As far as OM practice goes, it only gets better in terms of being present to sensation and feeling empowered to communicate for adjustments. Within the safe container of this partnered practice, I fill 15 minutes in and out of consciousness in a nonjudgemental environment.
I find it beautiful that at the end of the practice, we end with a frame that discusses one sensation we felt at one moment in time. “heat in my fingers that electrified down my arms" "electricity buzzing down my spine to my head”
There was one time when I was at morning OMCircle and feeling particularly emotional. My body was in tune with that and I allowed myself to slowly let go. My partner ended his frame sharing his gratitude and that he felt slight tears surfacing in his eyes. That's effing incredible. For me, that's connection.
Unconventional, alternative, new-age, call it what you want. It feels good to feel good. Now is the time to be present, grateful, and express ourselves.
So I signed up for the OneTaste Coaching Program starting in November! I’m excited and a bit scared to not only uncover hidden truths in my altered perception of sexuality but also for this opportunity to work on coaching skills as well. This is just the beginning of internal mastery and invoking inspiration.
I’d love to discuss OM or my challenge/experience with fear/letting go and my progress thus far.
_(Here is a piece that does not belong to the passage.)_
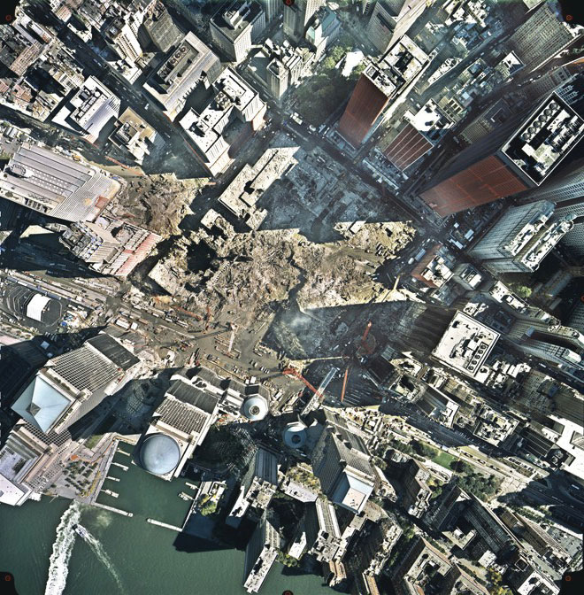 Top view of Ground zero - ex-World Trade Center

If you're interested in learning more, feel free to message me directly firstname.lastname@example.org.
OH! Check out the Q&A with Natalie Thiel from OneTaste and find out their 5 Values here !
CREATE A LIFE YOU LOVE
For those who want to start practicing on how to lean into their desires, start small.
It doesn't have to be about OM or sex or grand wild gestures to live a crazy life of adventure and instability...
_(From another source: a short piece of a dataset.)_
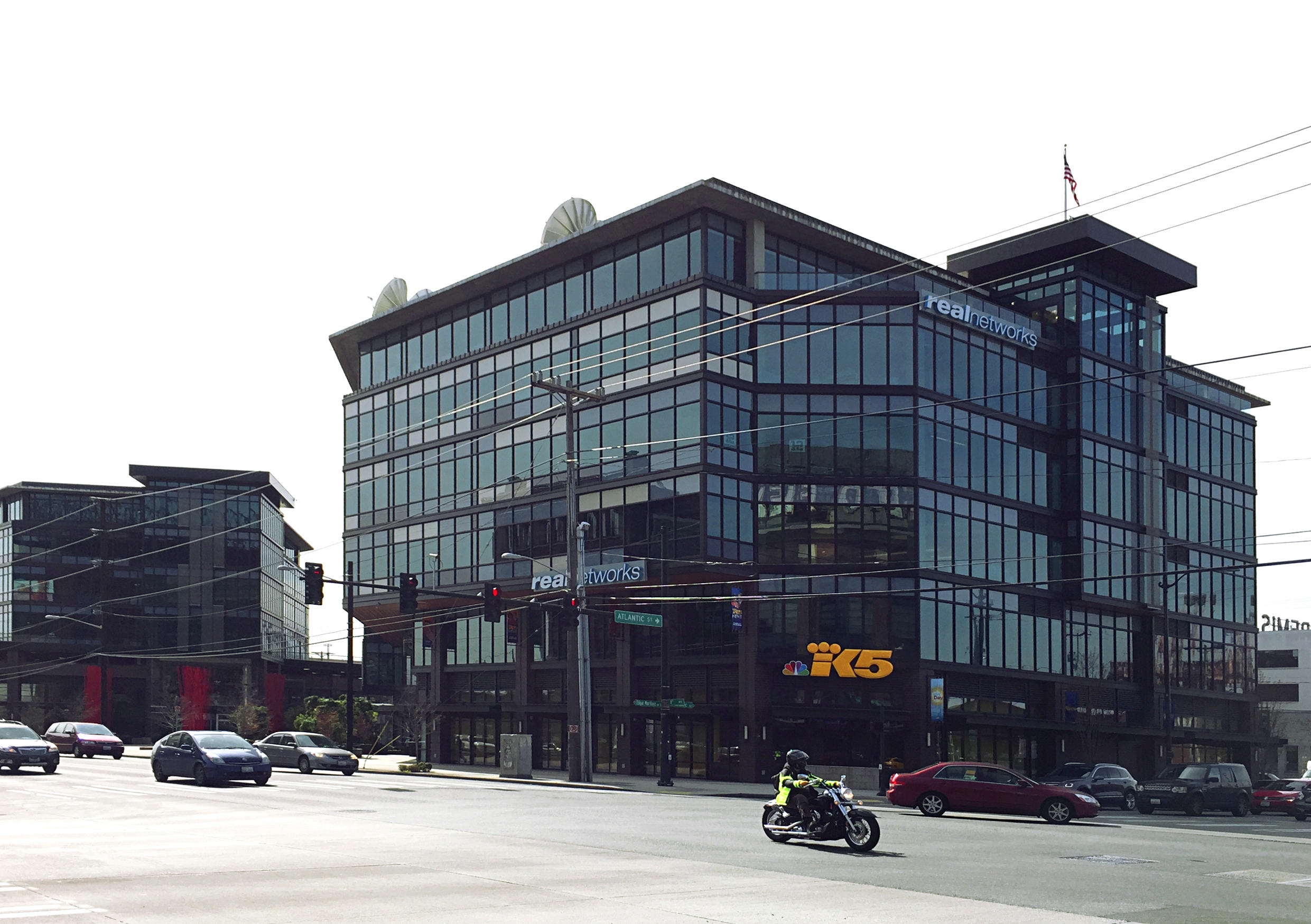 Home Plate Center - RealNetworks and KING 5

The whole point of this reflection, with personal vulnerable storytelling, was simply a call to action: just to be present to how you feel
To be whole is to make space for the whole range of human emotion. We’re all in this together.
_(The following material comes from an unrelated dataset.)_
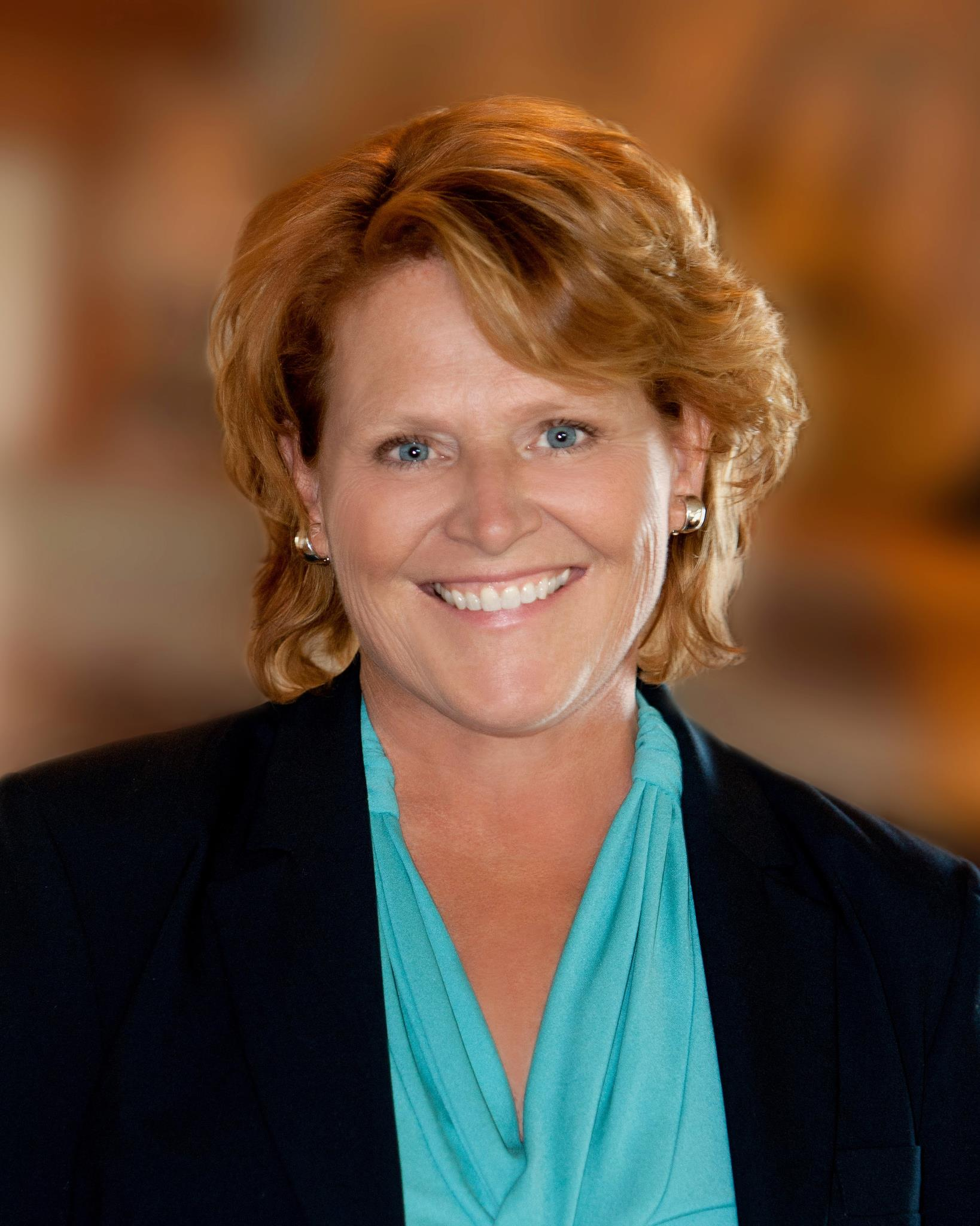 Official portrait of Senator Heidi Heitkamp (D-ND).

Small deliberate actions inspired by your true desires create a life you love.
For example, if one of your core desires is to feel “love and connection.” Some small deliberate actions for that could be just to just ask for longer hugs, platonic cuddles, or to call up old friends and family to catch up.
Love and connection doesn’t mean having one wine glass too many and sleeping with the closest person next to you. Desire shouldn't mean getting what you want at the expense of other people and yourself. Assume your self-worth and respect other people in doing so.
It’s important to note that if you have to step outside of yourself, away from your values and Soul, to get your needs met, then you’re not really going to get your needs met. Rooted within our core desired feelings is still our value system which I still encourage everyone to be mindful of!!!!
You see what I did there?
MINDFUL : VALUES :: LISTEN : FEELINGS :: CONNECT: DESIRE
Be MINDFUL of your values. LISTEN to your feelings. CONNECT to your desires.
Lastly some questions to consider:
My core desired feelings:
My core values:
What do I need to do to feel the way I want to feel?
My intentions and small goals for this week/month/year?
I guess this is just the beginning. Thanks for listening.